UN points to agriculture as an escape from the "poverty trap"

(NEW YORK, October 2000) Agriculture -- often given short shrift in development planning -- can play a key and even a leading role in breaking out of the vicious cycles in which many poor countries are trapped, the authors of the UN World Economic and Social Survey 2000 contend.

The strategic importance of agriculture is often overlooked in development circles, because it was wrongly assumed that agriculture was, and would remain, a low productivity activity. But increasing productivity in agriculture is possible and offers a number of strategic advantages, this year's Survey says, in a comprehensive analysis of how countries can escape from what is known in development circles as "poverty traps".


Growth experience of the past half century

An overview of economic growth rates in the developing countries 1950-1999 -- abstracted from the World Economic and Social Survey 2000.

First of all, agriculture is where the poor people are -- between 70 to 95 per cent of the labour force in most developing countries works in agriculture, according to the Survey, and in general poverty rates tend to be higher in rural than in urban areas.
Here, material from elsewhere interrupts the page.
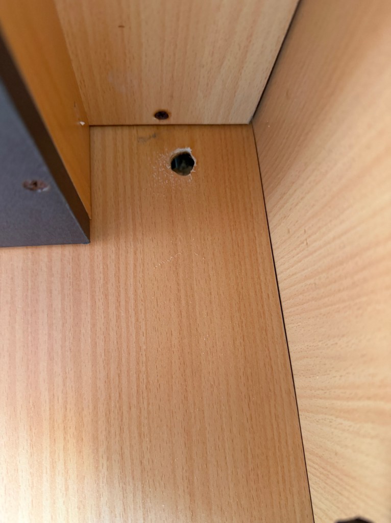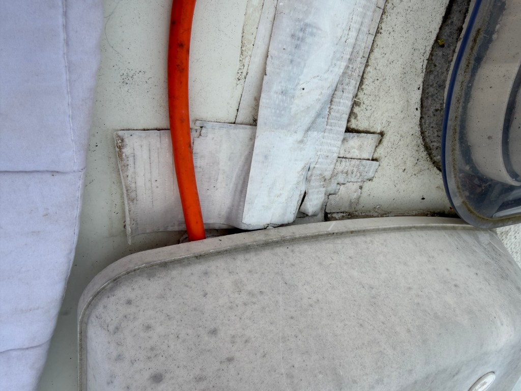 I started off by taking the microwave out and laying out the cable – then drilled through to allow the cable to be run behind a cupboard leaving a short length of cable visible – my initial plan did change a few times as I realised I had more wriggle room with hiding cable behind covers! To get the starlink cable up onto the roof was done using a bit of savvy – I pushed an old bit of flex across the roof aperture – from the empty microwave bay, I could see the orange cable, and with some long nosed pliers was able to pull it down and through. I then used insulating tape to secure next to the starlink cable and bound it so it had no snag points. Then back up the ladder to the roof where I could pull the cable through and feed it to where I was going to mount the starlink. I had wanted to mount it on the front bar but the mi-fi aerial was already there so…..

Additionally, a strengthened farm sector can bring down food prices and improve nutrition and labour productivity in the entire country; generate employment and heighten demand for manufactured goods and services; channel labour and capital into the development of other sectors; and earn foreign exchange.

Thus, a situation in which manufacturing operates with economies of scale is likely to lead to a poverty trap, because farmers' incomes are too low to create a demand for manufactured goods and services, the Survey says. But if technology and/or land reform stimulate farm production, the added value spurs national manufacturing and urban sectors.

Other chapters in the second part of the Survey cover the potential of institution building, education and technology, respectively, to accelerate economic and social development in the poor countries.

(The first part of this year's Survey was released in July.)